*** Opening Provided material ***
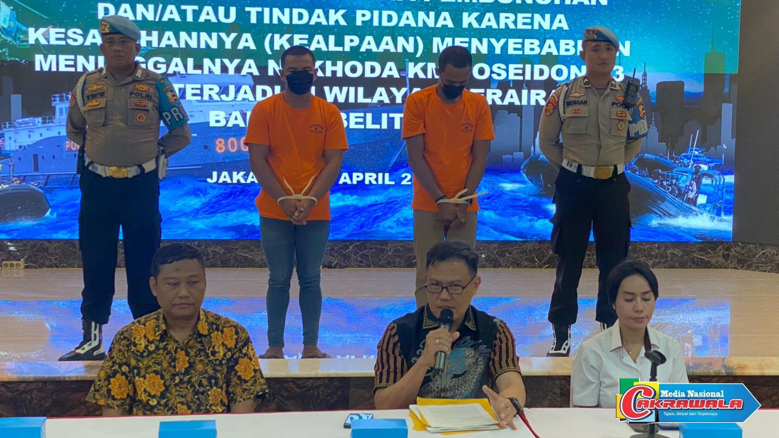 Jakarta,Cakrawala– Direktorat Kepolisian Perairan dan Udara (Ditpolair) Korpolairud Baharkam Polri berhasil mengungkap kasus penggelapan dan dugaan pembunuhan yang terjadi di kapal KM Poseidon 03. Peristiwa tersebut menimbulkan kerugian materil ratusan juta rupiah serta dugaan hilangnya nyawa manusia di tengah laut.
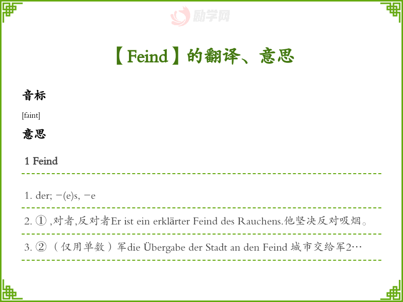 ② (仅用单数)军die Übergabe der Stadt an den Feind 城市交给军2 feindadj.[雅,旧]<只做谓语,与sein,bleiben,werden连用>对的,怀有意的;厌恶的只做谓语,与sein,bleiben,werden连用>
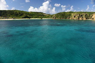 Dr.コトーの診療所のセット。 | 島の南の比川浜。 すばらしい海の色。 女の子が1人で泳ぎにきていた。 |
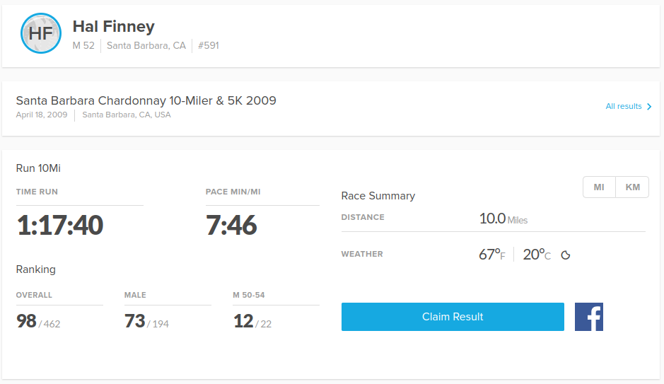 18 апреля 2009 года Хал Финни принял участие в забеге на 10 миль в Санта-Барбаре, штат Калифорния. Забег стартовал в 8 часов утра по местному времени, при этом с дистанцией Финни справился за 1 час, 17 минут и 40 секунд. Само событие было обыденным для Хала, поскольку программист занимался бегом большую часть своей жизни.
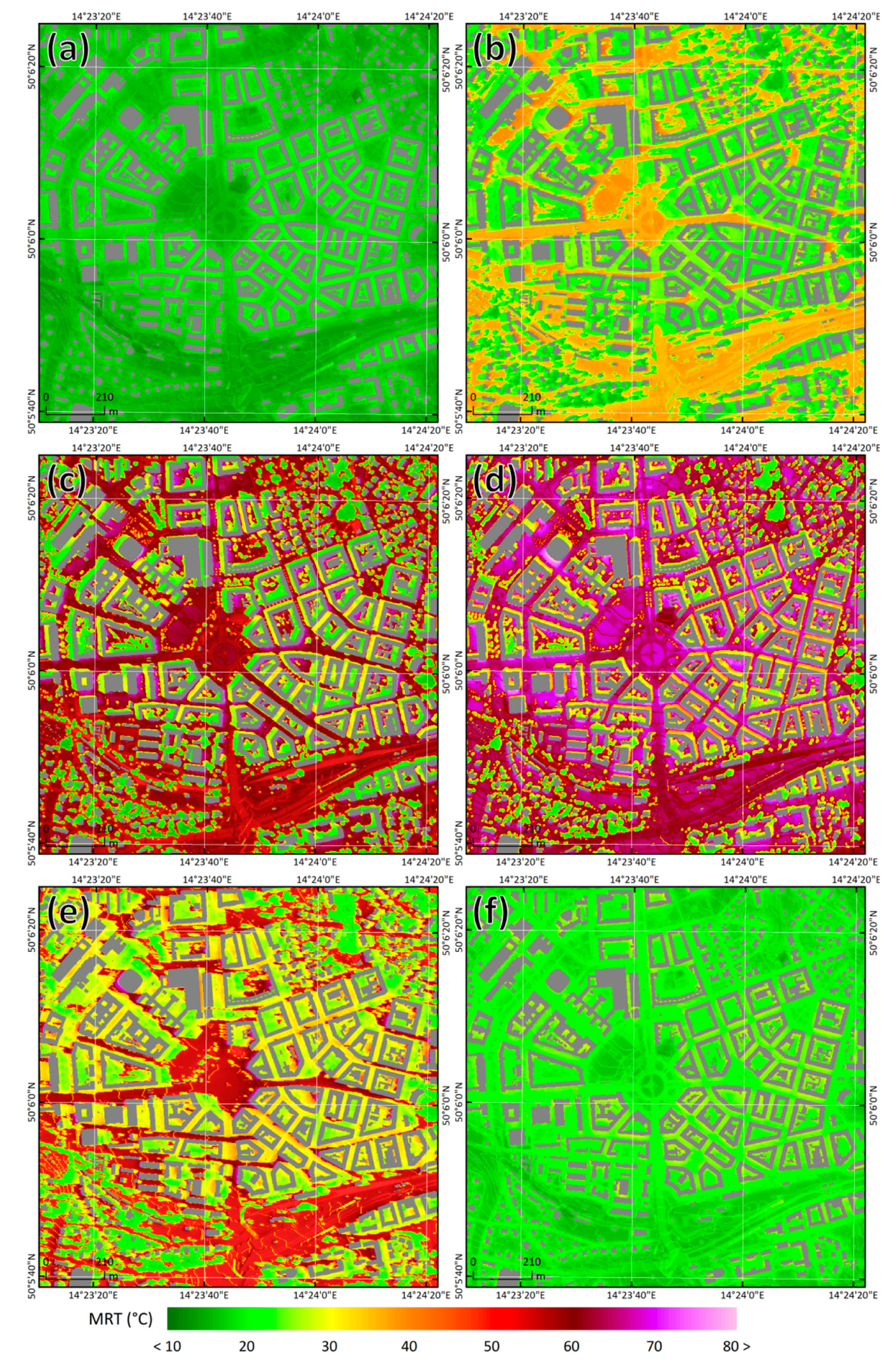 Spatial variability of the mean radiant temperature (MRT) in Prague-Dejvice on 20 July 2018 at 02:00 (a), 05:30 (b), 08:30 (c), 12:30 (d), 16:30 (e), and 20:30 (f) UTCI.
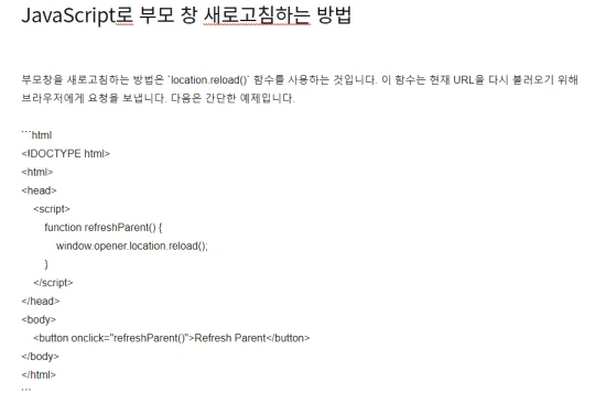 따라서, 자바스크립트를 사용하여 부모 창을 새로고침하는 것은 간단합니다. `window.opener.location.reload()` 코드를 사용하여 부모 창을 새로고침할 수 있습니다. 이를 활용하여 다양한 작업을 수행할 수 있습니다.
*** Closing Provided material ***
● **What to produce**
Would you please reproduce the entries above, starting at the line with "② (仅用单数)军die Übergabe" and stopping after the line with "Dr.コトーの診療所のセット。 | 島の南の比川浜。"? Omit any pictures.

● **Written reply**
 ② (仅用单数)军die Übergabe der Stadt an den Feind 城市交给军2 feindadj.[雅,旧]<只做谓语,与sein,bleiben,werden连用>对的,怀有意的;厌恶的只做谓语,与sein,bleiben,werden连用>
 Dr.コトーの診療所のセット。 | 島の南の比川浜。 すばらしい海の色。 女の子が1人で泳ぎにきていた。 |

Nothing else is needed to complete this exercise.